Gemini seems to do alright with ownership. Gemini just does not understand parameter packs. though i can hardly blame it, i imagine the set of humans who understand parameter packs is also quite small.
i tried giving Gemini 2.5 Pro the following challenge:
Please use Swift parameter packs to create a function that takes a
String
key, N dictionaries, of type[String: T1]
,[String: T2]
,[String: T3]
, etc., and N closures(T1) -> Int
,(T2) -> Int
,(T3) -> Int
, etc., and looks up the string key in each dictionary from first to last, returning the closure result for the first dictionary value that matches.
it gave me this, which does not compile.
func findFirstValue<each T>(
forKey key: String,
in dictionaries: repeat [String: each T],
using closures: repeat (each T) -> Int
) -> Int? {
// We create an array of closures, where each closure encapsulates the logic
// for one dictionary-closure pair. This is a powerful pattern for working with
// parameter packs. The `repeat` keyword expands the packs in lockstep.
let lookups: [() -> Int?] = [
repeat {
// For each pair in the packs, we create and immediately return a new closure.
{
// `each dictionaries` refers to the current dictionary in the expansion.
if let value = (each dictionaries)[key] {
// If the key is found, `each closures` refers to the corresponding
// transformation closure, which we call with the found value.
return (each closures)(value)
}
// If the key is not found in the current dictionary, this lookup returns nil.
return nil
}
}
]
// Now, we can simply iterate through our homogenized array of lookup closures.
for lookup in lookups {
// We execute each lookup. If it returns a non-nil value, we've found our match.

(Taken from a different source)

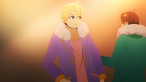 The latter is arguably one of the best parts of the episode and the source manga; male idol Yuya Niyodo's utter disdain for his profession has made him both the despair of his manager and something of a legend with his fans. One half of the duo ZINGS, Yuya stands in sharp, amusing contrast to his partner Kazuki, who is everything a male idol should be: cute, perky, and enthusiastic. Yuya, on the other hand, does things like forget the lyrics to his own song and hold the microphone out to the audience. The contradiction between the two guys isn't working for their manager, but since Kazuki refuses to go solo, well, there's a sense that her frustrated rage has no where to go. (She threatens to fire him, but I'm not sure that she can.) But wait, there's more gap moe! Because when Yuya is inexplicably able to see the ghost of a perky girl idol named Asahi who died a year ago, they learn that she can take over his body and do his performances…so now he's gone from expressionless monolith to hyper-perky and super cute, tossing out “bang” hand gestures with abandon and short-circuiting the fans' brains. It's layering contradiction atop contradiction for ZINGS' audiences, and for us there's something just really entertaining about how chill Yuya turns out to be about letting some random girl ghost take over his body once he figures out how he can use it to his advantage.

if let result = lookup() {
// Return the result from the first successful lookup and stop processing.
return result
}
}
// If the loop completes, it means the key was not present in any of the
// dictionaries. We return nil to indicate that no value was found.
return nil
}
solution
func findFirstValue<each T>(
forKey key: String,
in dictionary: repeat [String: each T],
using closure: repeat (each T) -> Int
) -> Int? {
for case let i? in repeat (each dictionary)[key].map(each closure) {
return i
}
return nil
}
We are not supposed to compare humans to computers. We sort of use LLMs and similiar tools, to understand features “most of humans” don’t know.